I would describe that as what Bussard claimed and Nebel has agreed with. They have the experimental data, so...
But seeing as you seem to be the most prominent standard bearer of it ... I'll ask you directly ... is there any evidence we can point to that the ions never get far enough out of the potential well to see the electron sheath, i.e the beta=1 surface?
I'm basing that mostly on a vague recollection of something Rick said, which he probably gets from the PIC simulations and whatever other things they have going at EMC2. The Chacon paper might be relevant here too.
Surely some of them will become energetic enough to rise to this region?
Apparently not enough of them to matter much. We could probably set an upper limit if we did some math on WB-7 confinement.

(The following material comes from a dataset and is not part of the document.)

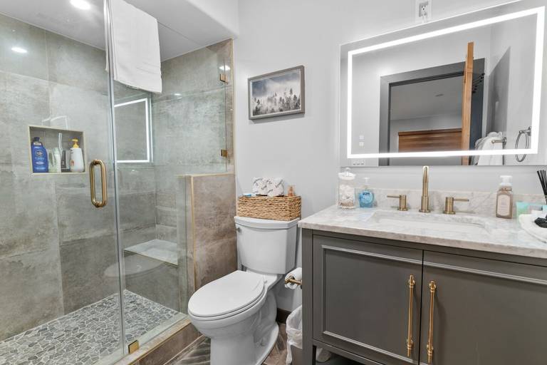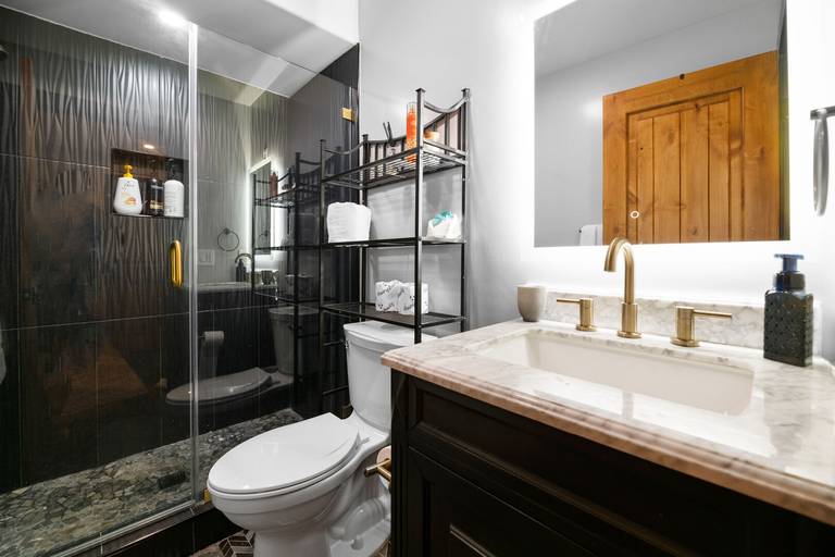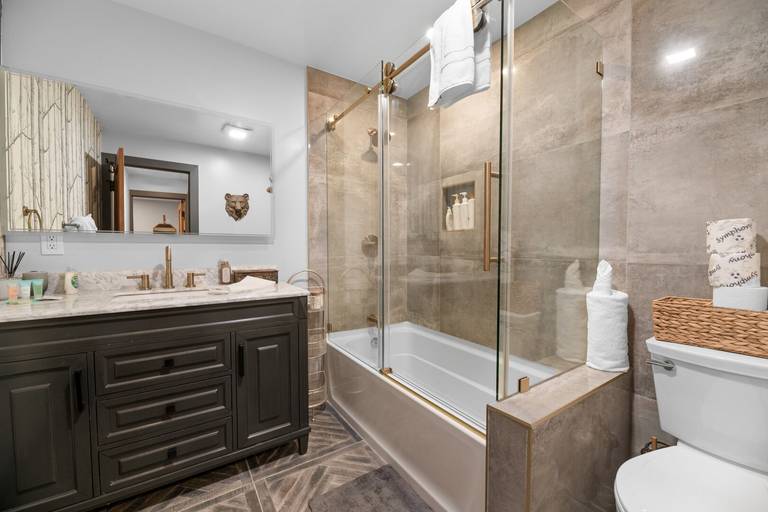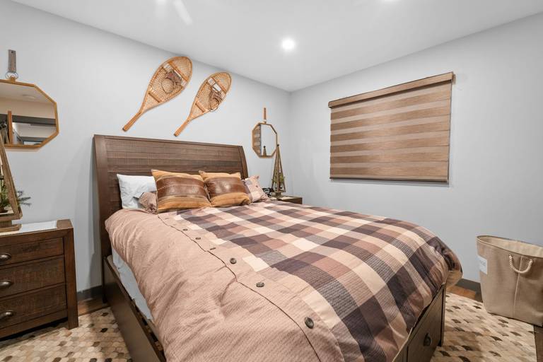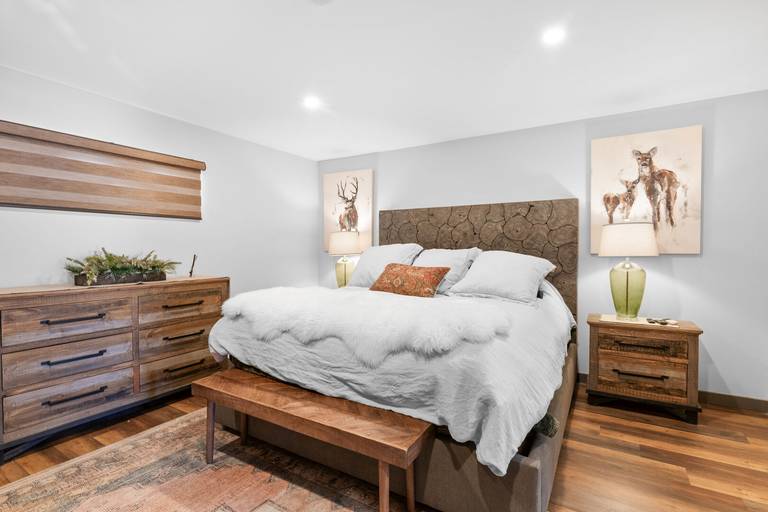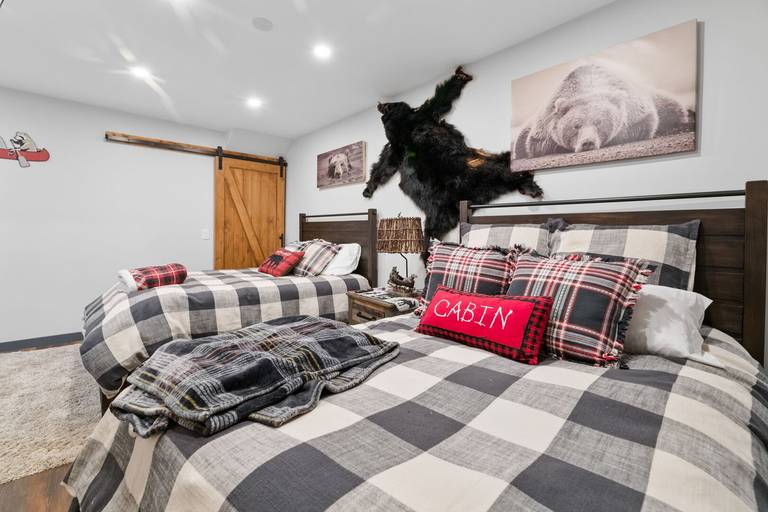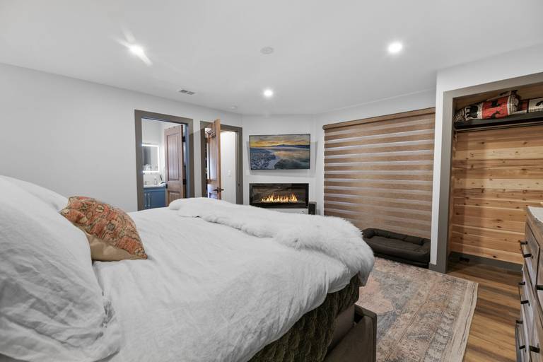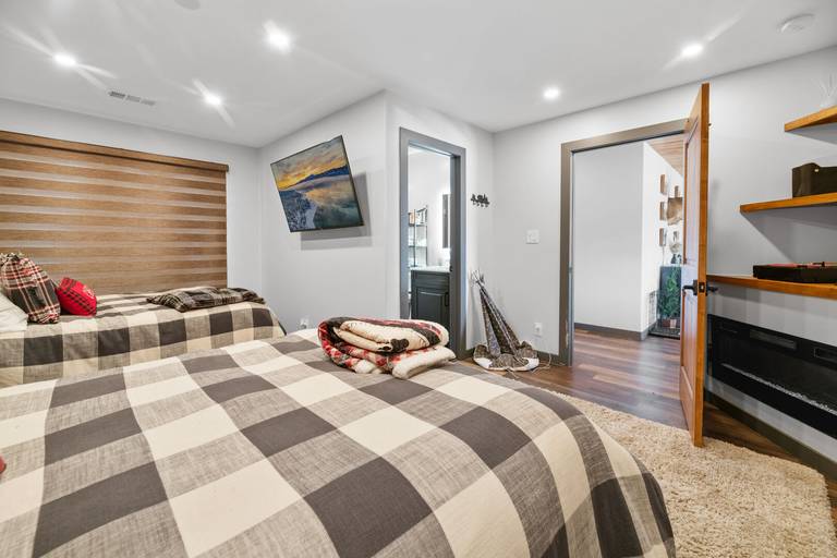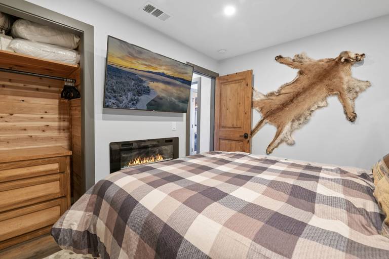 ROOMS & BEDS - 3 bedroom, loft, 3 bath. Downstairs master bedroom has a king bed, TV, electric fireplace, and private bathroom with shower. Downstairs second master bedroom has a queen bed, TV, electric fireplace, and private bathroom. Downstairs third bedroom has two double beds, TV, electric fireplace, private bathroom with shower, and deck. Extra blankets and pillows are available.

This sounds like a cop out,
A cop out is exactly what it is. I'm more than happy to call the system too complex for this kind of thing, and there's very little chance I'm going to attempt to model it in software myself. Guilty as charged.
In the above statement, the inclusion of the word "dynamic" is a non-sequitur that may be more an attempt to bamboozle than add any useful information.
Innocent here, Your Honor. I mean this in the specific sense of "having a variable or constantly changing nature," i.e. something which requires a simulation rather than an equation.
you yourself have resorted many times to simplistic equations when it suits your cause
Well, some things are complex and dynamic and some aren't. Converting fusions to watts is relatively straightforward relative to modelling ion behavior. For instance, square wells give very different results than parabolic ones, but a watt is always a joule per second.
Actually, I'm surprised you would say that, Art has often been critical of me in the opposite direction.